This chemical is called orexin, which is involved in the pleasure experienced after taking alcohol or drugs. Experiments with rats showed that they stopped drinking freely available alcohol when a drug stopped orexin's euphoric effects. Furthermore, rats taken off alcohol and then given the drug did not relapse when they were placed in an alcohol-associated environment. One of the researchers, Andrew Lawrence, surmised that a drug could be developed to block the orexin system in human beings to stop the craving for alcohol. It could also prevent relapse among recovering alcoholics (Chemistry and Industry).

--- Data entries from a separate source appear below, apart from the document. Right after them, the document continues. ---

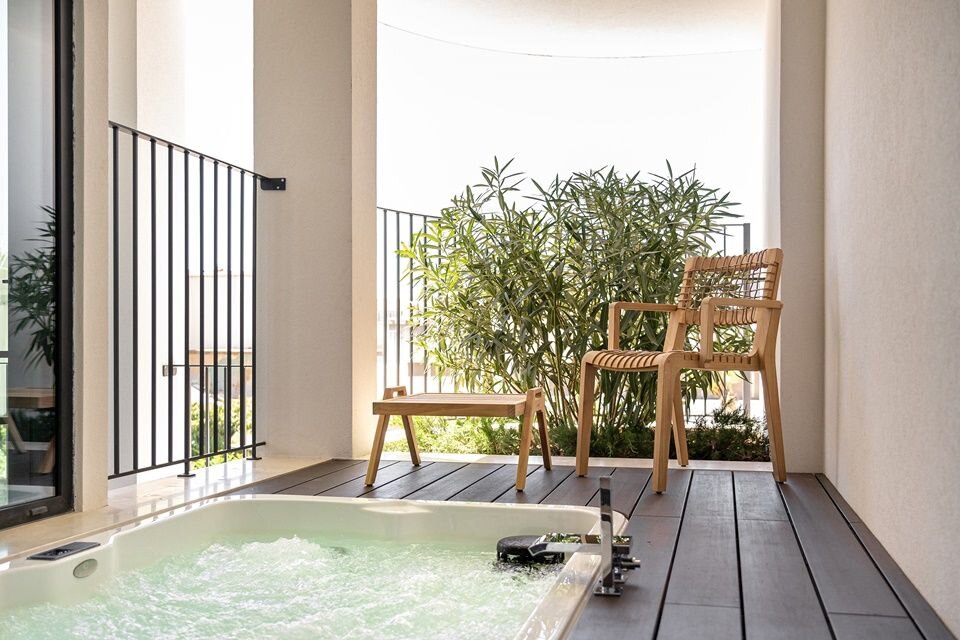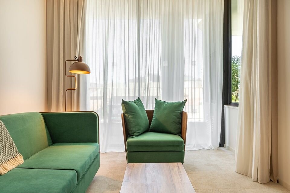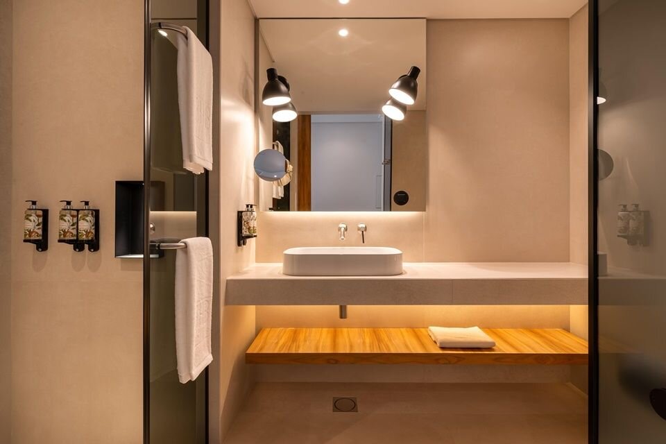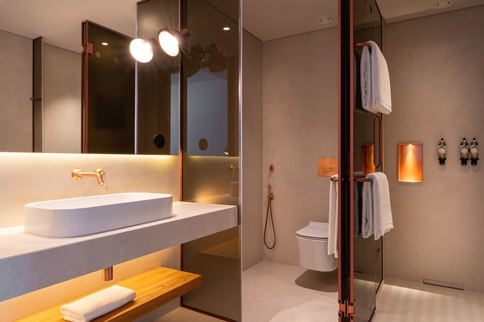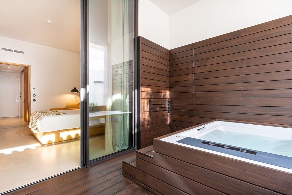 The 100+ rooms blend soft putty walls and Alentejo-crafted teak with plush headboards and armchairs in shades of kelly green and ocher. Each unit includes a furnished balcony and floor-to-ceiling windows, plus electric blackout curtains, Marshall speakers, and Nespresso machines. Standard units are surprisingly spacious, but you can upgrade to a Superior for more square footage, splurge on a Suite for a separate living room, or nab one of the Jacuzzi rooms for an outdoor hot tub. Bathrooms are no afterthought: expect copper accents, polished concrete surfaces, and glass walls that darken with the touch of a button.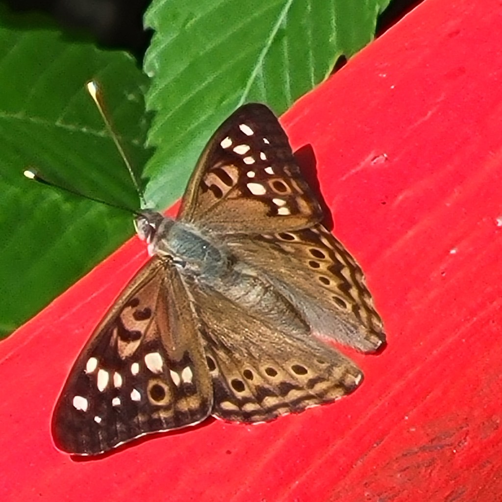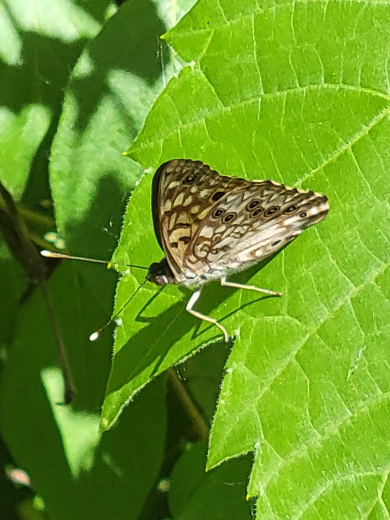 One butterfly that regularly appears in Eliza Howell Park in June is Hackberry Emperor.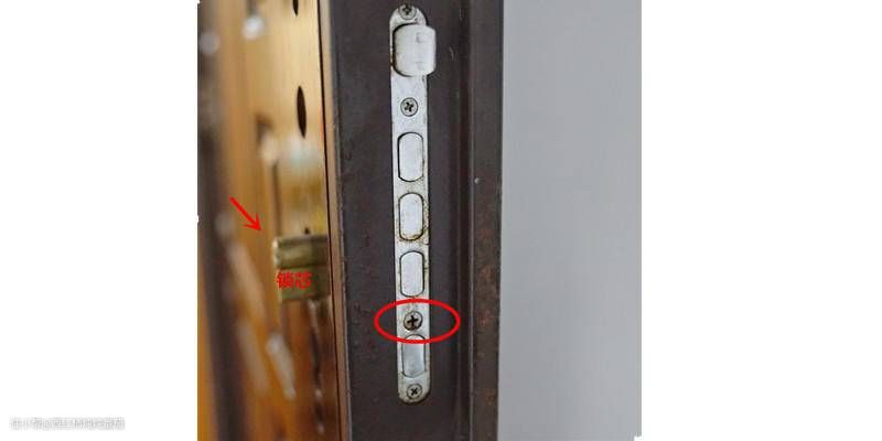 更换锁芯也非常方便:不需要抽出整个锁体,只要拧出上图圆圈中的螺丝,然后捏住门上露出来的锁芯,将其整个抽出即可 ▲

In an addiction forum in Park City, a reformed drunk, Jack Trimpey, criticized alcohol recovery programs as ineffective (Thalman, 2003). He explained that most of these programs are premised on the belief that alcoholics or addicts are powerless against that urge to drink or get high. Yet, according to him, addicts do not need to run through the reasons on how their addiction developed. They do not need special supplements or new menus or the religiosity of Alcoholics Anonymous. He stressed that recovery is not a process but a specific event. It may or may not be a disease. People drink or abuse because they love the drink or substance. But when they get fed up with it, they simply stop and quit. Trimpey is nationally renowned addiction buster. He conducted his own research. It revealed that more than half of those who managed to quit any addiction did it on their own. He believes that undergoing recovery programs will only keep the addict from one drink to another. These programs, he said, deny free will. A human being is a free moral agent with the right and ability to choose right from wrong. He is an evolved being with the ability to overcome the "inner beast." The programs only suppress the addiction but not overcome it. The result is a cult-like behavior (Thalman).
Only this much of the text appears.